Records from a collection
-- Opening Marker --

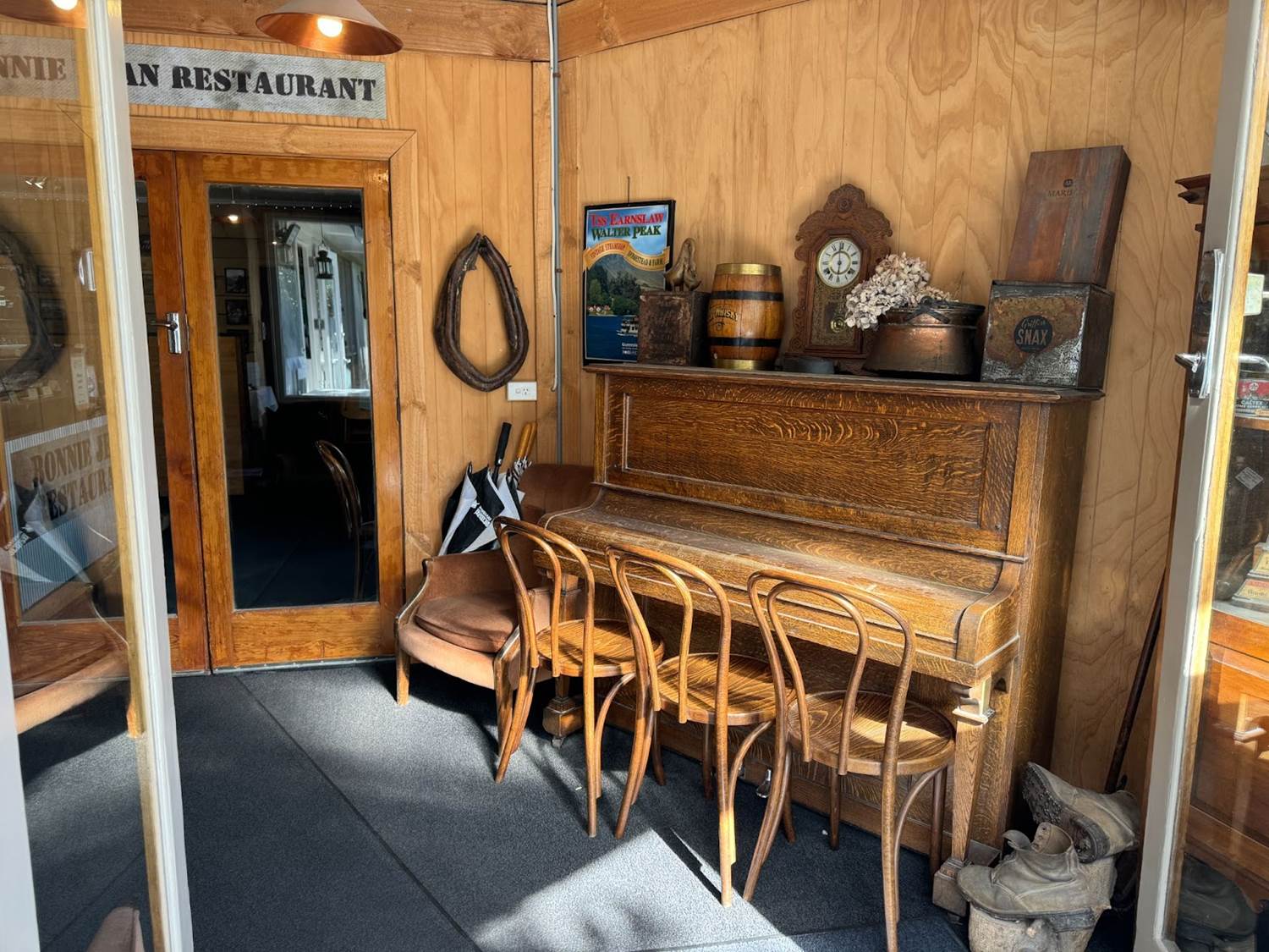 The two-hour jet boat ride left us with some free time before lunch. Glenorchy is home to several charming shops and cafes and lots of nice beach areas to explore around the lake. There was also an exhibit inside the historic Wharf Shed, where old steamer ships used to dock to unload deliveries that were transferred to the railroad, primarily during the gold rush.
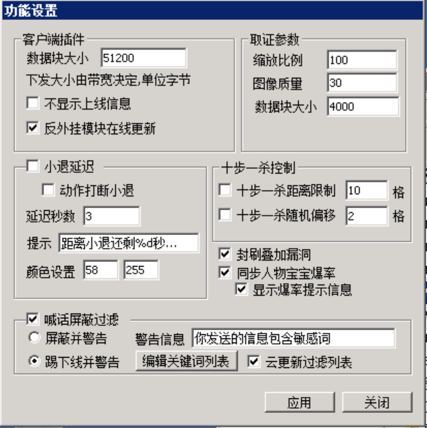 禁止NPC命令:这是禁止外挂直接调用NPC命令来点击NPC和回收的, 这道功能的出现导致了大多的脱机挂变成了模拟按键的方式
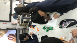 利用65吋大型電視螢幕配合實物投影機,以及使用小積木進行視圖與製圖教學。
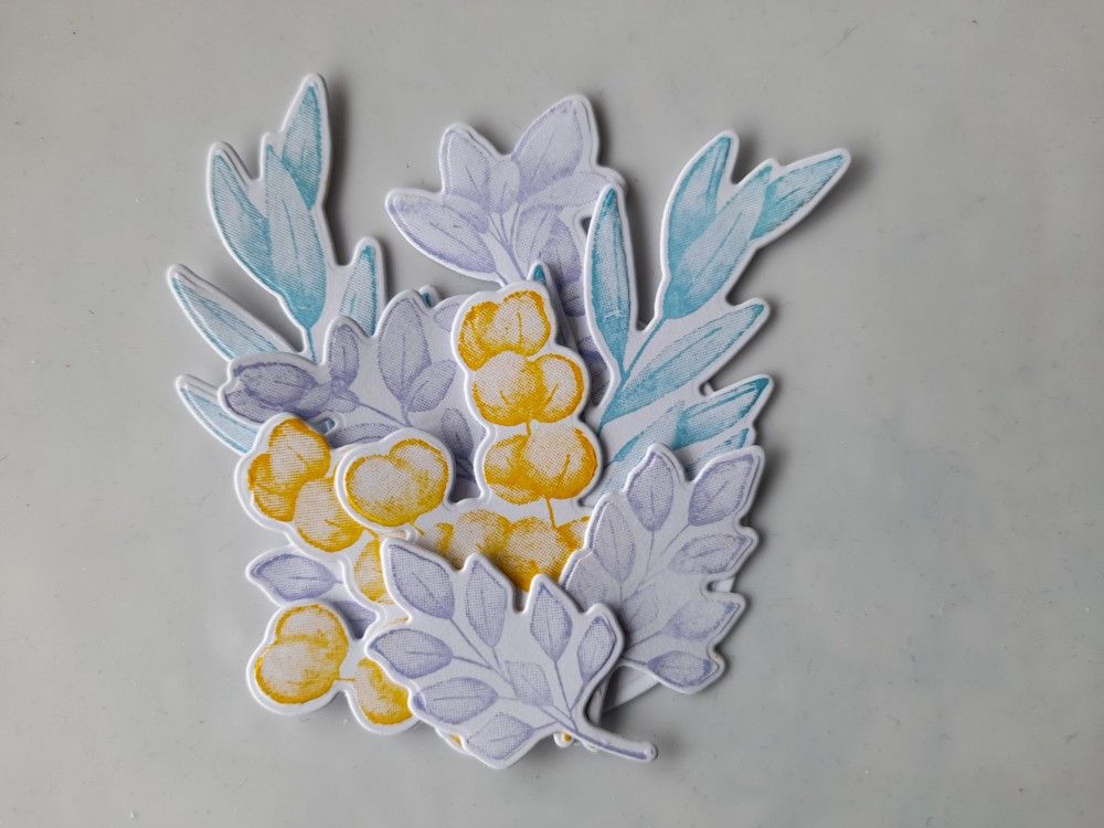 I started by stamping a selection of the leaves and berries from ‘forever fern’, using Distress Oxide in ‘mustard seed’, ‘broken china’ and ‘shaded lilac’ and die cut them all out. I then glued them onto a small circle of card to create the bouquet.
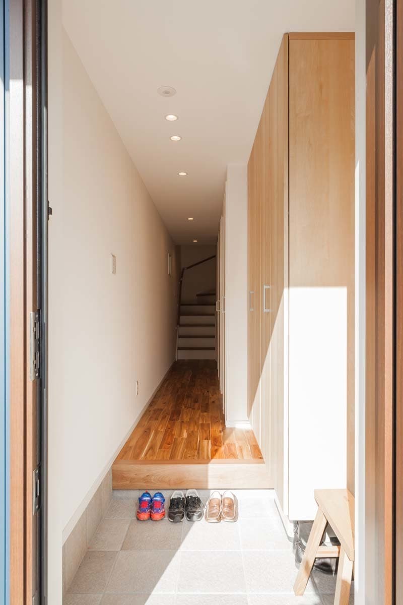 玄関から階段までの廊下にも収納が並んでいます。

-- Closing Marker --

# [REQUIRED WORK]
An exact copy of the lines from the one with "利用65吋大型電視螢幕配合實物投影機,以及使用小積木進行視圖與製圖教學。" through the end of the records: produce that and nothing more, leaving out the pictures.

# [ANSWER SECTION]
 利用65吋大型電視螢幕配合實物投影機,以及使用小積木進行視圖與製圖教學。
 I started by stamping a selection of the leaves and berries from ‘forever fern’, using Distress Oxide in ‘mustard seed’, ‘broken china’ and ‘shaded lilac’ and die cut them all out. I then glued them onto a small circle of card to create the bouquet.
 玄関から階段までの廊下にも収納が並んでいます。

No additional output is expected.